Portuguese Culture And Social Beliefs

By Amber Pariona on April 25 2017 in Society

Caretos in the carnival of Podence, Portugal
Caretos in the carnival of Podence, Portugal

6. Portuguese Folklore -

Folklore within Portugal is an important part of the culture and can be seen from the home to the church. Storytelling still holds an important place in the society which can be seen in its abundance of local fairytales, legends, and myths. Traditional beliefs and customs have mixed with the Catholic religion, resulting in a wide belief in superstitions. Many people believe in the evil eye, or the ability to bestow bad luck or illness on another person. It is common practice to leave offerings with saints as well.

5. Portuguese Festivals -

Throughout Portugal, people celebrate a wide variety of festivals which are a significant part of Portuguese culture. Nearly every small town has a local celebration, which is generally based on a local saint’s day or agricultural harvest. Sometimes these last for days at a time. One of the most well-known festivals is Carnaval in February. This event is celebrated in many towns and cities with parades, music, and dancing. Other towns celebrate Carnaval more traditionally, as a festival of springtime fertility complete with people wearing masks for the duration of the event.

4. Portuguese Cuisine -

Portuguese cuisine is well known for its use of fish and seafood, which is no surprise, given its reliance on the fishing industry. In general, the cuisine has Mediterranean influences and a heavy reliance on spices, herbs, and garlic. Lunch is the biggest and longest meal of the day, sometimes lasting as long as 2 hours. This meal include 3 courses: soup, main dish, and dessert. The most common soup is caldo verde, made of potato, sausage, and kale. The main dish is often fish, salted cod is very popular. For dessert, rice pudding is typically served.

3. Portuguese Games -

Games and sports are still seen as a way of socializing in Portugal and an integral part of Portuguese culture. Many have been passed down through several generations. One of the most common traditional games is Quoits. This game is similar to bowling, but instead of rolling a ball to knock down pins, players throw a disc instead. The discs are made of wood and iron and are thrown at 2 pins, which are placed far apart. Two teams of 2 to 5 members play against each other. Popular sports include: soccer, handball, and futsal.

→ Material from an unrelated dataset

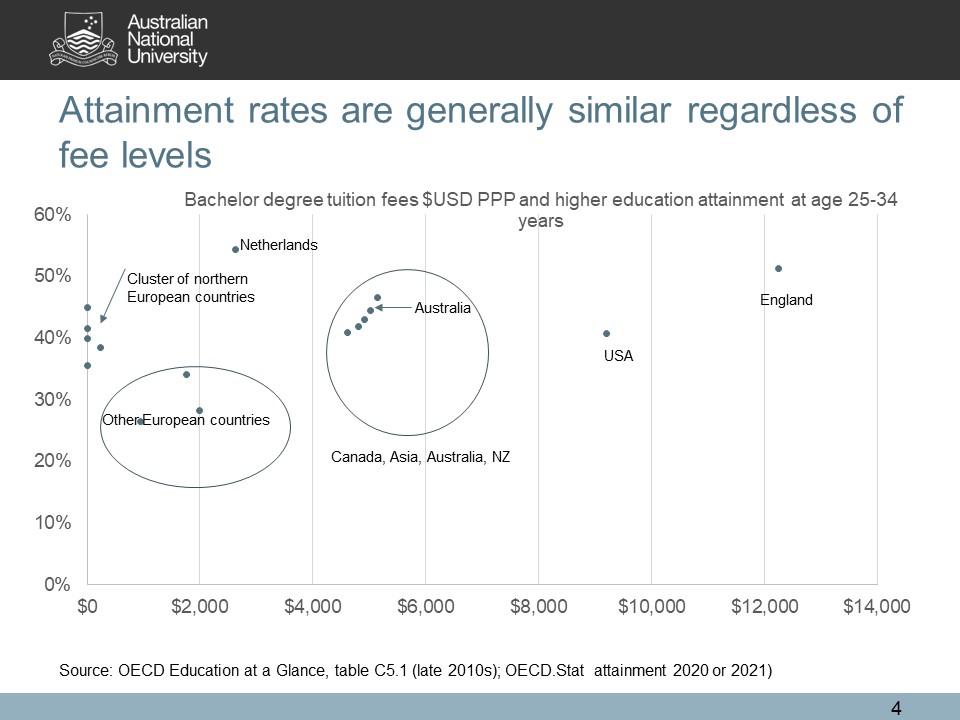 Counter-intuitively higher education funding systems appear to have only small effects on overall higher education participation or attainment rates. While some moderate fee European countries have lower attainment rates by age 25 to 34 years, most other countries have 40-something per cent attainment, with a couple exceeding 50 per cent.

2. Fine Arts And Performing Arts -

Portugal has a long history of fine and performing arts, including dance, music, theater, and art. At the beginning of the 16th century, a painting style known as Manueline developed. This movement was followed over the next several centuries by a focus on portrait paintings, romanticism, naturalism, and realism. Today, museums and art galleries all over the country are home to many of these pieces of art.

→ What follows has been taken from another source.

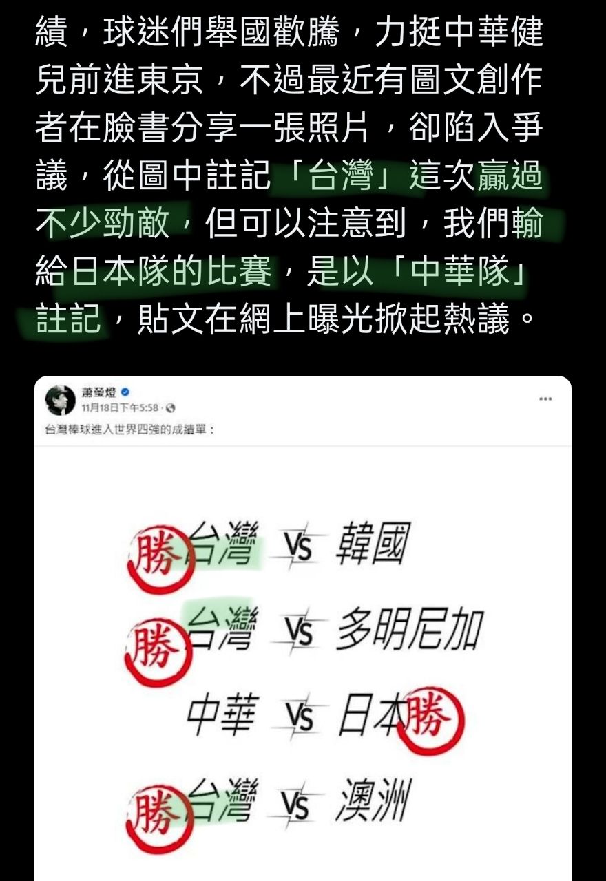 Re: [讨论] 「赢球中华队 输球台湾队」是有起源的

The national music of Portugal is called Fado, which has its roots in the 1700’s. It is considered a somewhat sad style of music that tells stories of life. This music is so important to the national identity that when Amalia Rodrigues, the most famous fado musician, died, the country observed 3 days of national mourning. Traditional dances include: fandango, circle dance, and corridinho.

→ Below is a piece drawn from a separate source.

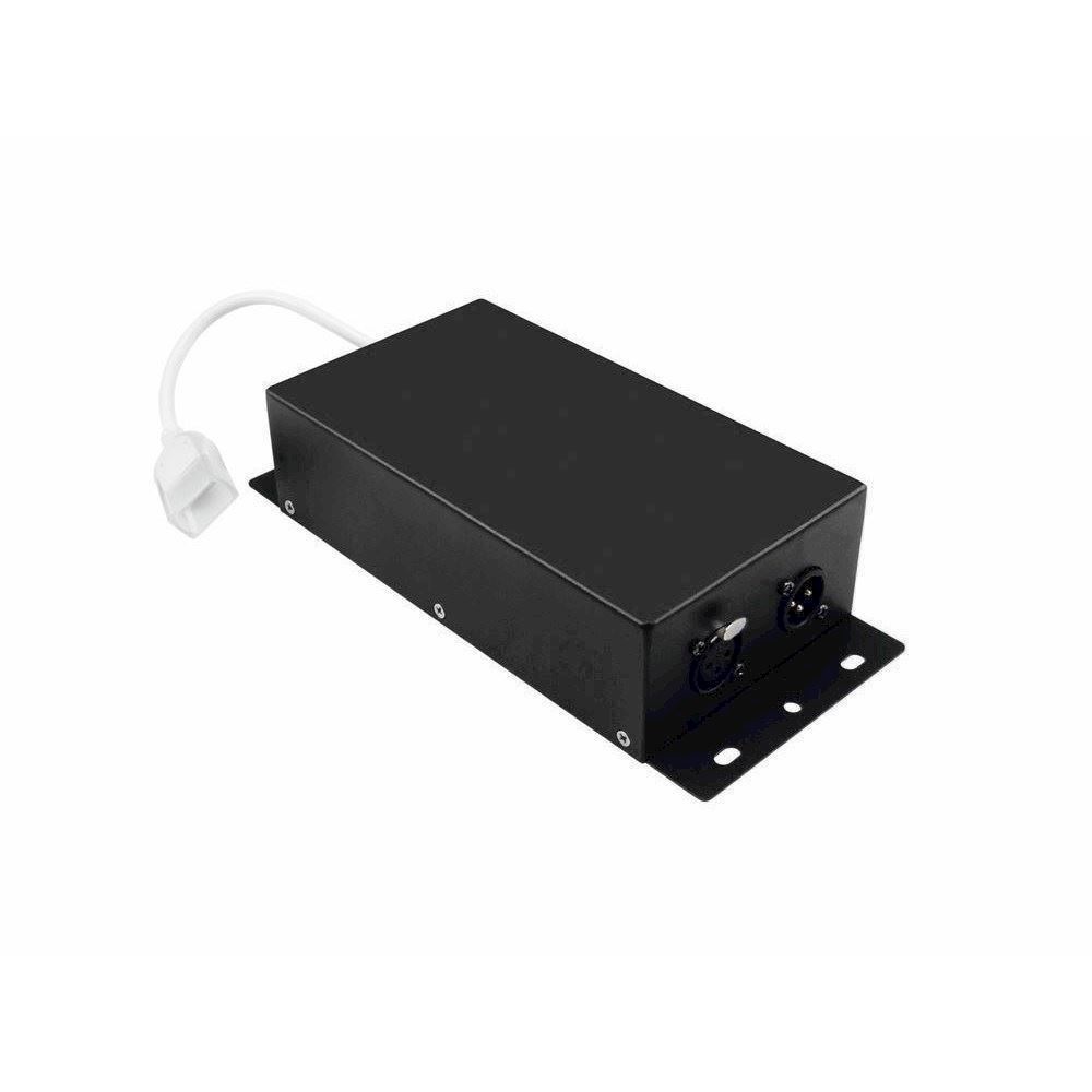 Her er du: Disconetto » LYS » Special lys » Neon Flex LED Controller PRO with DMX for LED Neon Flex 230V Slim RGB På lager På lager, 3-5 hverdage Bedømmelse for Controller PRO with DMX for LED Neon Flex 230V Slim RGBProduktet er endnu ikke bedømt 719,00DKK ved 1 stk. Vis uden moms Trustpilot Controller with DMX interface for the RGB LED neon tube (item 50499801) Controller with DMX interface for the RGB LED neon tube (item 50499801)Compact controller for the slim LED neon tube (item 50499801) via DMX3 separate control channels for individual color mixing of the red, green and blue LEDsMaximum load 6 ABuilt-in programs enable stand-alone operation (individual color mix, color change, color fade, running speed)Sound-control via built-in microphone with adjustable microphone sensitivity6 DMX channels (red, green, blue, dimmer, strobe, auto mode/sound control)DMX input and output via 3-pin XLR connectors4-pin cable for connecting the LED neon tubeRugged black metal housing, suitable for wall mountingDelivery incl. 1 pc RGB Power Contact Pin (50499826) and 1 pc Heat Shrink Tube (50499822) Power supply:230 V AC, 50 HzOutput current:max. 2 A per channel (6 A total)DMX connection:3-pin XLRDimensions (L x W x H):225 x 100 x 50 mmIP classification:IP20Weight:1,1 kgHeight:5 cmDepths:10 cmWidth:22,5 cm Varenr.: E-50499811 Vi anbefaler Eurolite DMX LED EASY Operator 4x4, 4 LED Spots op til 4 Kanaler (RGBW) DKK 669,00 LED Neon Flex 230V Slim RGB 100cm DKK 339,00 LED Neon Flex 230V Slim RGB Power Contact Pin DKK 23,00 LED Neon Flex 230V Slim Heat Shrink Tube DKK 18,00

1. Social Beliefs In Portugal -

As previously mentioned, Catholicism has a great influence over Portuguese culture. It has influenced the country’s health care, educational system, holidays, weddings, funerals, and laws. The Portuguese culture itself is very polite and reserved, particularly when first meeting somebody. Once two people are acquainted, however, the relationship is more friendly. Typical greetings involve two kisses on each cheek.